Re: [PATCH/RFC v3] perf core: Allow setting up max frame stack depth via sysctl

From: Brendan Gregg
Date: Tue Apr 26 2016 - 17:59:18 EST


On Tue, Apr 26, 2016 at 2:05 PM, Arnaldo Carvalho de Melo
<arnaldo.melo@xxxxxxxxx> wrote:
> Em Tue, Apr 26, 2016 at 01:02:34PM -0700, Brendan Gregg escreveu:
>> On Mon, Apr 25, 2016 at 5:49 PM, Brendan Gregg <brendan.d.gregg@xxxxxxxxx> wrote:
>> > On Mon, Apr 25, 2016 at 5:47 PM, Arnaldo Carvalho de Melo <arnaldo.melo@xxxxxxxxx> wrote:
>> >> Em Mon, Apr 25, 2016 at 05:44:00PM -0700, Alexei Starovoitov escreveu:
>> >>> yep :)
>> >>> hopefully Brendan can give it another spin.
>> >>
>> >> Agreed, and I'm calling it a day anyway, Brendan, please consider
>> >> retesting, thanks,
>> >
>> > Will do, thanks!
>>
>> Looks good.
>>
>> I started with max depth = 512, and even that was still truncated, and
>> had to profile again at 1024 to capture the full stacks. Seems to
>> generally match the flame graph I generated with V1, which made me
>> want to check that I'm running the new patch, and am:
>>
>> # grep six_hundred_forty_kb /proc/kallsyms
>> ffffffff81c431e0 d six_hundred_forty_kb
>>
>> I was mucking around and was able to get "corrupted callchain.
>> skipping..." errors, but these look to be expected -- that was
>
> Yeah, thanks for testing!
>
> And since you talked about userspace without frame pointers, have you
> played with '--call-graph lbr'?

Not really. Isn't it only 16 levels deep max?

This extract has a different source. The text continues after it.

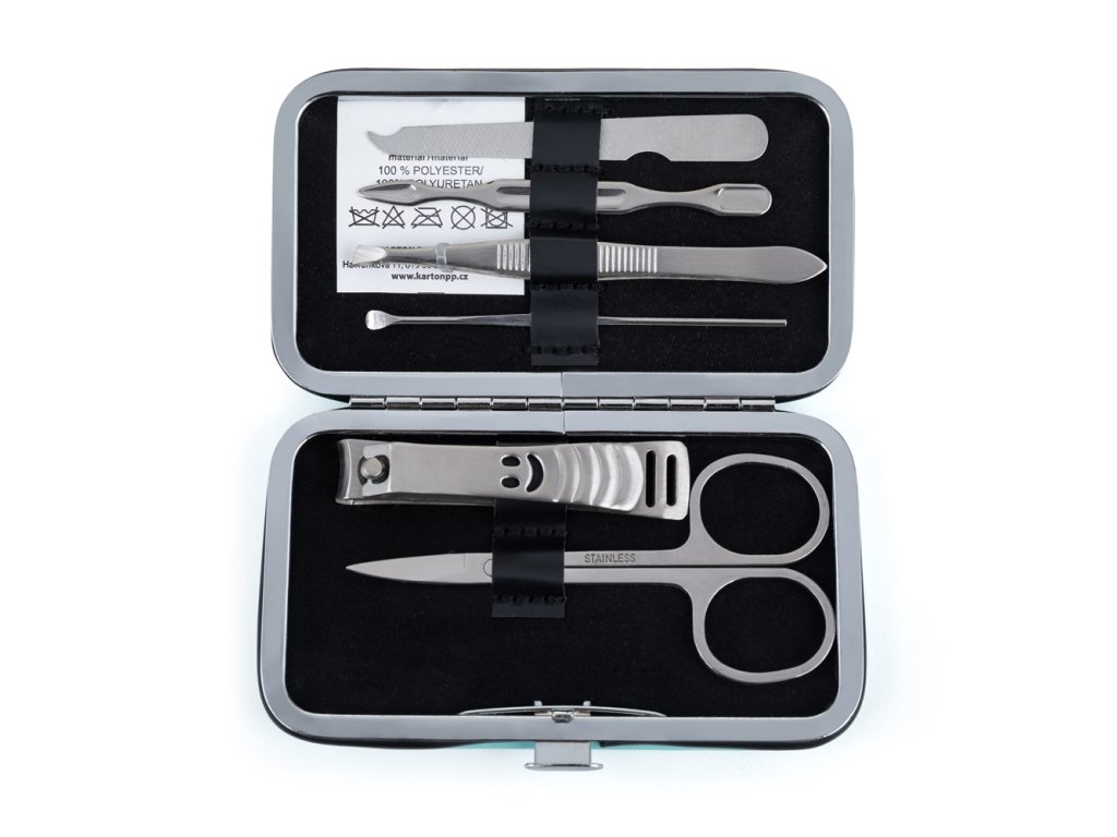 Utazó manikűrkészlet (6 db) – kiváló minőségű ezüst szett, amely ollót, körömvágó csipeszt, csipeszt, reszelőt, manikűrpálcát és bőrtologatót tartalmaz.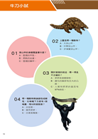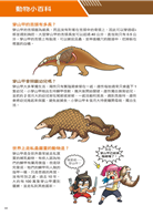 設有「動物小百科」單元,特別介紹穿山甲科動物和人科動物的構造與小常識,以及擅長爬樹和游泳的中華穿山甲、把鋒利鱗甲當成武器的樹穿山甲、擁有長長手臂和寬大臉頰的婆羅洲猩猩、透過喉囊膨脹來發出響亮聲音的合趾猿、可以經由符號字和人類溝通的黑猩猩、全家人會一起坐在樹上睡覺的紅頰黑猿等動物的超炫常識,讓小朋友有系統的學習。

Most of our Linux is Xen guests (EC2), and I'd have to check if the
MSRs are available for LBR (perf record --call-graph lbr ... returns
"The sys_perf_event_open() syscall returned with 95 (Operation not
supported) for event (cpu-clock).", so I'd guess not, although many
other MSRs are exposed).

BTS seemed more promising (deeper stacks), and there's already Xen
support for it (need to boot the Xen host with vpmu=bts, preferably
vpmu=bts,arch for some PMCs as well :).

Brendan